● **Description of the task**
The reply should hold every entry exactly as written and none of the pictures.
====== Records for the exercise
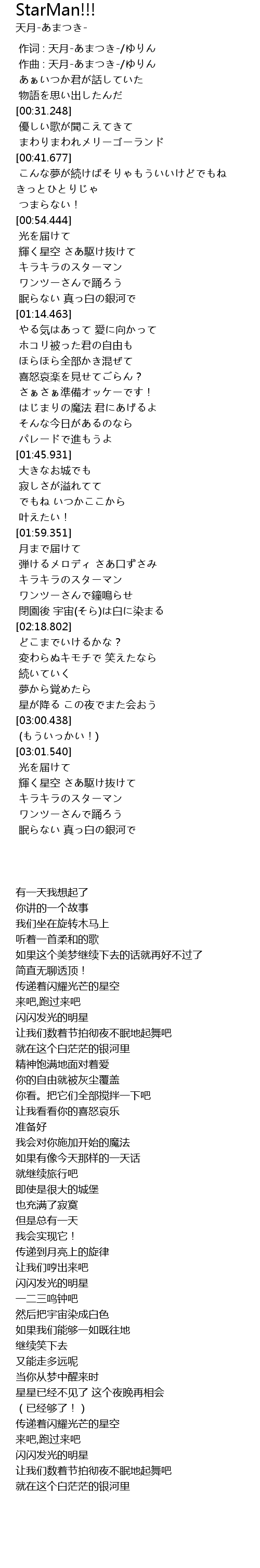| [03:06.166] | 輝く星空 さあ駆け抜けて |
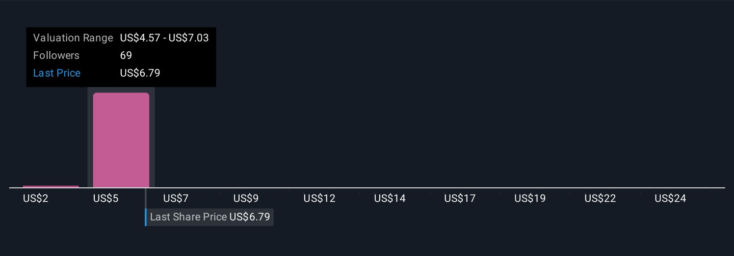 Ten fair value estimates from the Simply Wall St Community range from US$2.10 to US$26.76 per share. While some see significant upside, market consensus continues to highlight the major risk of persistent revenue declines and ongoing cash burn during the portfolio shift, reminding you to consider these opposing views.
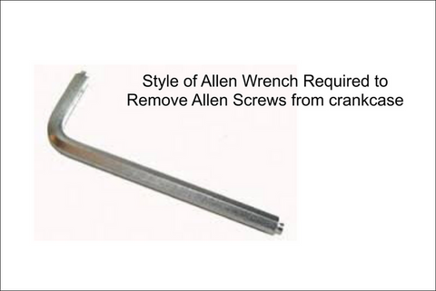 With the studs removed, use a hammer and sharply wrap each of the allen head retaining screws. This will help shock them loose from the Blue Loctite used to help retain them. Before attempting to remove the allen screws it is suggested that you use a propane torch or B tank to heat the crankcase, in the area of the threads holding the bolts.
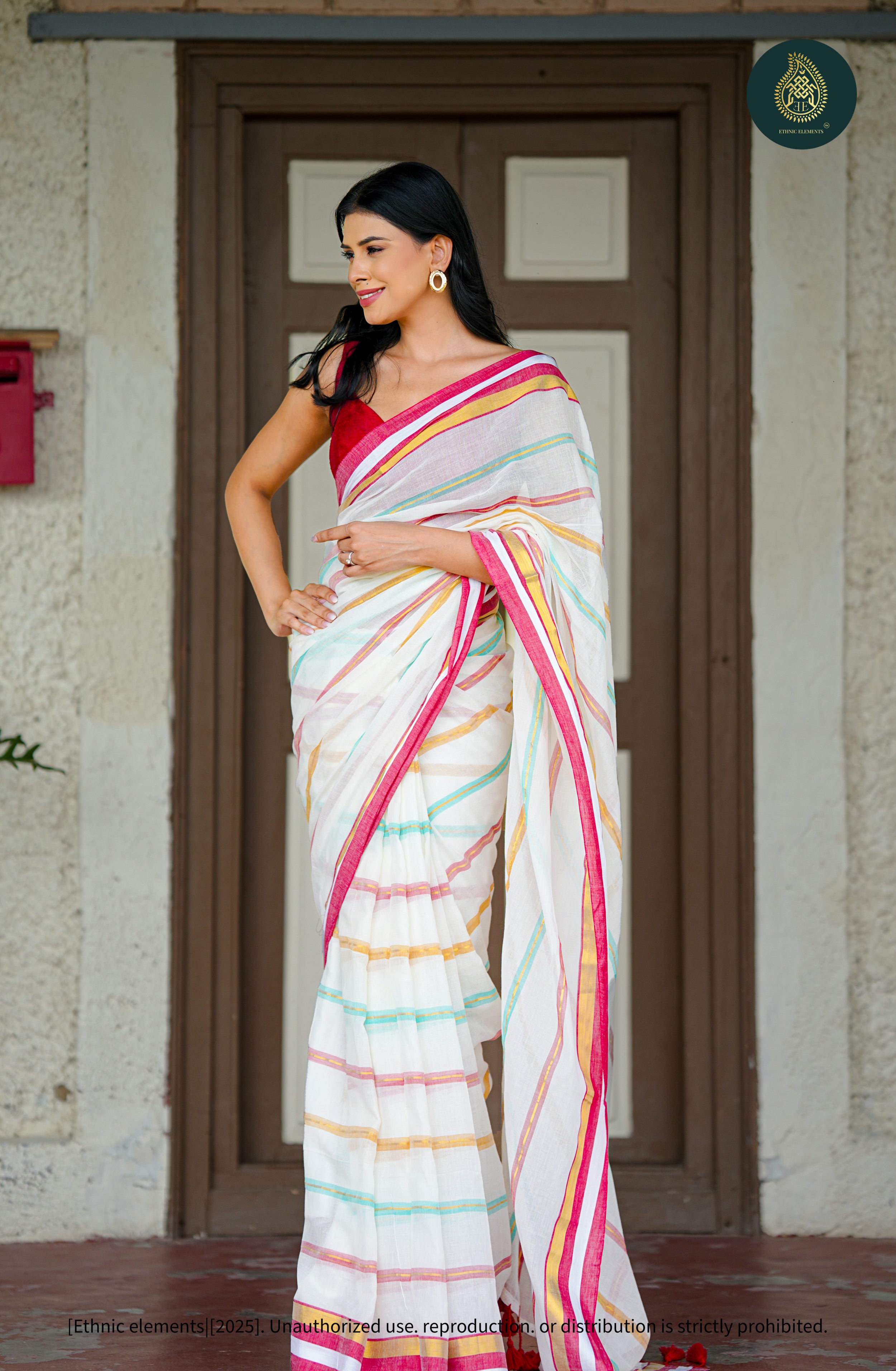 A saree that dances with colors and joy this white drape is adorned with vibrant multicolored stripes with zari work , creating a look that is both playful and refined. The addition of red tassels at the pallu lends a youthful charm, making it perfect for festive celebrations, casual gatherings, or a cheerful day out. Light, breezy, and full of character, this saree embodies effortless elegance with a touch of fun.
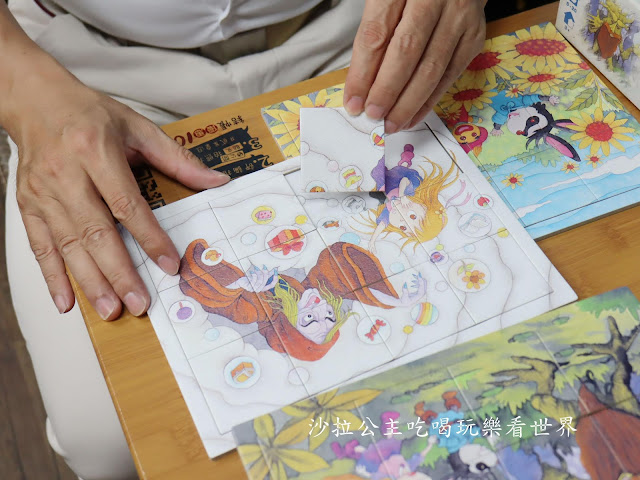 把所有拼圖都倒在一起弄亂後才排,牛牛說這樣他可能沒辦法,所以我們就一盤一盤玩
============
● **Result of this task**
| [03:06.166] | 輝く星空 さあ駆け抜けて |
 Ten fair value estimates from the Simply Wall St Community range from US$2.10 to US$26.76 per share. While some see significant upside, market consensus continues to highlight the major risk of persistent revenue declines and ongoing cash burn during the portfolio shift, reminding you to consider these opposing views.
 With the studs removed, use a hammer and sharply wrap each of the allen head retaining screws. This will help shock them loose from the Blue Loctite used to help retain them. Before attempting to remove the allen screws it is suggested that you use a propane torch or B tank to heat the crankcase, in the area of the threads holding the bolts.
 A saree that dances with colors and joy this white drape is adorned with vibrant multicolored stripes with zari work , creating a look that is both playful and refined. The addition of red tassels at the pallu lends a youthful charm, making it perfect for festive celebrations, casual gatherings, or a cheerful day out. Light, breezy, and full of character, this saree embodies effortless elegance with a touch of fun.
 把所有拼圖都倒在一起弄亂後才排,牛牛說這樣他可能沒辦法,所以我們就一盤一盤玩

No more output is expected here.